• Requirement: Every line containing the string "ўртоқ" should be returned from the records.

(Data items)
_ _ _ _ _ _ _
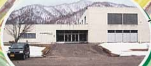
屈斜路研修センター
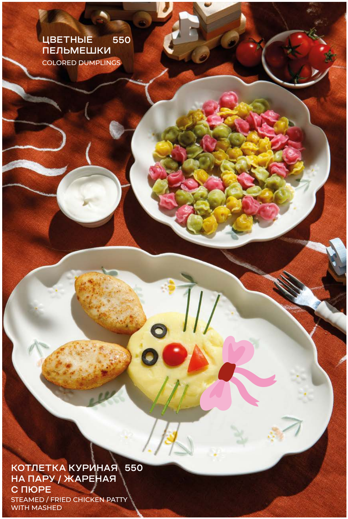
ЦВЕТНЫЕ ПЕЛЬМЕШКИ 550 COLORED DUMPLINGS
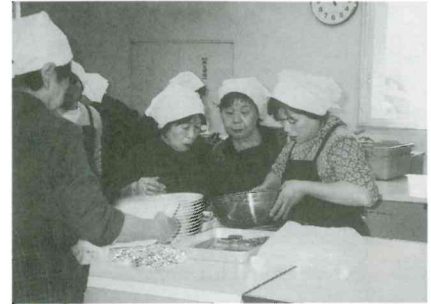
なずな会による給食サービス
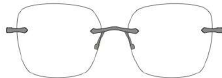
Luna 04 | 54 - 17
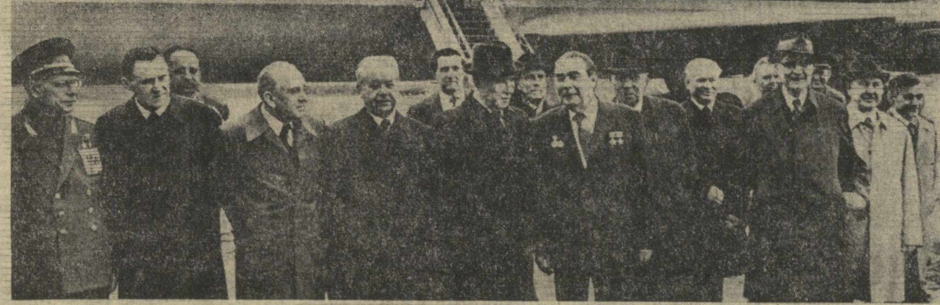
КПСС Марказий Комитетининг Бош секретари ўртоқ Л. И. Брежневни Шерметьёво аэродромда кутиб олинди.

Юровинский самийий кузатиб қолдилар. Кузатиб қолувчилар орасида КПСС Марказий Комитетининг аъъоли, СССРнинг ГДРдаги аъъоли П. А. Абрасимов, КПСС Марказий Комитети аъъолигига кандидатлар А. М. Александров, В. В. Загладин, Германиядаги совет қўнғимлари гуруҳининг бош қўмондони, армия генерали Е. Ф. Ивановский бор эдилар. Пионерлар ўртоқ Л. И. Брежневга, делегация аъъоларига туздусталар тақдим етидилар. Ўртоқ Л. И. Брежнев, делегация аъъоларини тўғилган конференцияда иштирок этган Совет Иттифоқи Коммунистик партияси делегацияси 1 июль кунги Москвага қайтиб келди. Делегацияни ташкиллаган КПСС Марказий Комитети Сийсий бюроси аъъолигига кандидат, КПСС Марказий Комитетининг секретари В. Н. Пономарев, КПСС Марказий Комитетининг секретари К. Ф. Катусев бор эди. Шерметьёво аэродромда ўртоқ Л. И. Брежнев, делегация аъъоларини В. В. Гришин, А. А. Громико,
_ _ _ _ _ _ _
• Response to the task:
КПСС Марказий Комитетининг Бош секретари ўртоқ Л. И. Брежневни Шерметьёво аэродромда кутиб олинди.
Юровинский самийий кузатиб қолдилар. Кузатиб қолувчилар орасида КПСС Марказий Комитетининг аъъоли, СССРнинг ГДРдаги аъъоли П. А. Абрасимов, КПСС Марказий Комитети аъъолигига кандидатлар А. М. Александров, В. В. Загладин, Германиядаги совет қўнғимлари гуруҳининг бош қўмондони, армия генерали Е. Ф. Ивановский бор эдилар. Пионерлар ўртоқ Л. И. Брежневга, делегация аъъоларига туздусталар тақдим етидилар. Ўртоқ Л. И. Брежнев, делегация аъъоларини тўғилган конференцияда иштирок этган Совет Иттифоқи Коммунистик партияси делегацияси 1 июль кунги Москвага қайтиб келди. Делегацияни ташкиллаган КПСС Марказий Комитети Сийсий бюроси аъъолигига кандидат, КПСС Марказий Комитетининг секретари В. Н. Пономарев, КПСС Марказий Комитетининг секретари К. Ф. Катусев бор эди. Шерметьёво аэродромда ўртоқ Л. И. Брежнев, делегация аъъоларини В. В. Гришин, А. А. Громико,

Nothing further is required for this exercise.